Rahe gives historical context of Iran

Paul Rahe.
Gemma Flores | Collegian

America has been interested in Middle Eastern oil since World War II, Paul Rahe, professor of history at Hillsdale College, said.

The Hillsdale Lyceum hosted Rahe for a discussion on the Iranian War on March 26.

“Iran has the potential, if they become powerful enough, to use oil as a weapon and have tremendous leverage,” Rahe said. “We have enough oil in the United States, so why should we care?” 

Rahe explained that Europe, Japan, South Korea, Australia, and New Zealand depend on oil from the Middle East.

“You get control of that oil, and you have leverage over Europe,” Rahe said.

Rahe lived in Istanbul from 1984 to 1986 as a fellow of the Institute of Current World Affairs.

He opened the lecture by providing context on the Iranian people.

“The Arabs are a people, and they’re united by Islam and by a language. But they have not, for any great length of time, been able to maintain a state,” Rahe said. “The Iranians are different. They are a nation, and there has always been, or nearly always been, an Iranian polity.”

Rahe said the same people group in Iran today can be traced back to the Persians, who once ruled most of the known world.

“The Iranians are a proud people with a long tradition, and they’re extremely quarrelsome,” Rahe said. “And if they weren’t so quarrelsome, they would be even more competent than they are.”

In the 19th and early 20th century, Russia dominated Iran from the north and Britain from the south. 

A nationalist military leader named Reza Shah Pahlavi overthrew the ruling dynasty Qajar and attempted to bring Iran into modernity in the early 1920s, according to Rahe. 

Pahlavi resented how little the British paid Iran for its oil, and during World War II he attempted to bring in the Germans to push out the British and Russians. He failed, and the British and Russians exiled him to Africa and put his 16-year-old son Mohammad Reza Pahlavi in charge. 

“The younger Pahlavi used the Americans after World War II to push the British gently out,” Rahe said. “He reclaimed the profits from a lot of the oil flowing out of Iran. With that money, he built roads, he built schools, he built hospitals, he built clinics, and he sent over 50,000 Iranian students abroad to study.”

This push to modernity escalated tensions between the increasingly educated middle class and the devout rural communities that followed Shia Islam, according to Rahe.

Ruhollah Khomeini, an Iranian Shi’i cleric, rallied the devout rural people to his side, which opposed Pahlavi.

The tension finally broke in 1979 with the Islamic Revolution, beginning with the burning of movie theaters, according to Rahe. The Islamic Republic of Iran has continued ever since.

Rahe said America’s allies could be held hostage if Iran’s oil fell into the wrong hands. 

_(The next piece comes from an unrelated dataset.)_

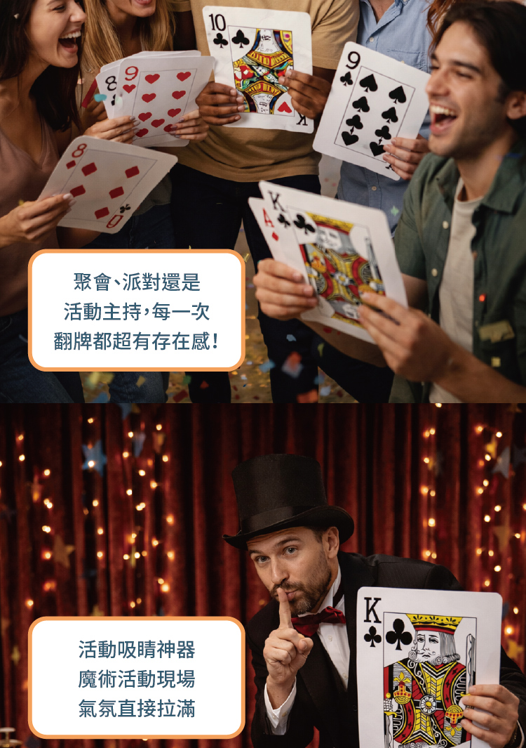老花救星,遠距離也清楚可見 手感紮實、不易彎折 花色鮮明、數字圖案一目了然 派對遊戲、親子桌遊、魔術表演、教學示範皆適用 操作簡單、娛樂性高 拍照、活動吸睛神器,活動現場氣氛直接拉滿

“The strategy that Donald Trump and the Israelis have followed is decapitation. You knock off the first level, and when that doesn’t work, you knock off the second level, and you just keep going,” Rahe said.

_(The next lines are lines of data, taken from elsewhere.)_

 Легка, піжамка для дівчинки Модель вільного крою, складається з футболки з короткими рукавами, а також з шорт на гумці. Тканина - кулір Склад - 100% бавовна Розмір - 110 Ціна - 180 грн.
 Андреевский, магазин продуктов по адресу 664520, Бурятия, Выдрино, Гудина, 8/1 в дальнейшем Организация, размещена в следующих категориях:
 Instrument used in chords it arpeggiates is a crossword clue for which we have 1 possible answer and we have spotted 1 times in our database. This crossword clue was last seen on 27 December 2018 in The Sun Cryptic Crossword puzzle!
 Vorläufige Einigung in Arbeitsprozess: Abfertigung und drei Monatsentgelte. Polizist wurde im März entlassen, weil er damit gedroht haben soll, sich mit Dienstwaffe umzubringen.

The administration is waiting for the next possible leader in Iran who would cooperate with the United States, Rahe said. 

“Support for the regime has waned to some degree,” Rahe said. “Very few people turn out for prayers. It’s a good sign. But the ruling order, the revolutionary guard, the people with the guns, and the people who run the army, those people are, to a very considerable degree, children of the revolution. And to get them to turn against it won’t be easy.”

Rahe explained how the Soviet Union fell after several generations, because the closer leaders are to the revolution, the more their identity is wrapped up in its success. He worried that intervention with Iran might be less successful because of the relative nearness of the regime. 

James Shotwell, a first-year classical education graduate student, said he appreciated the context of the Iranian war.

“My stepmom is Iranian Jewish, and so I have a lot of extended family in L.A. that is Persian,” Shotwell said. “I’ve heard about their experience fleeing after the revolution. And so it’s a topic near and dear to me to some extent.”

Shotwell said he has followed the war, but Rahe’s perspective on the history of Iran was new. 

“It was really useful context for the history of the regime and for understanding its strength,” Shotwell said. “I really appreciated the perspective of the cycles of regimes in general and how the revolutionary fervor can peter out after generations.”

Vice President of the Lyceum senior Audrey Powell said she loved learning about the current cultural distinctions in Iran and how those distinctions arose.

“I really appreciated getting the historical context of Iran as a country, because I hadn’t necessarily had a grasp of that before the talk,”  Powell said.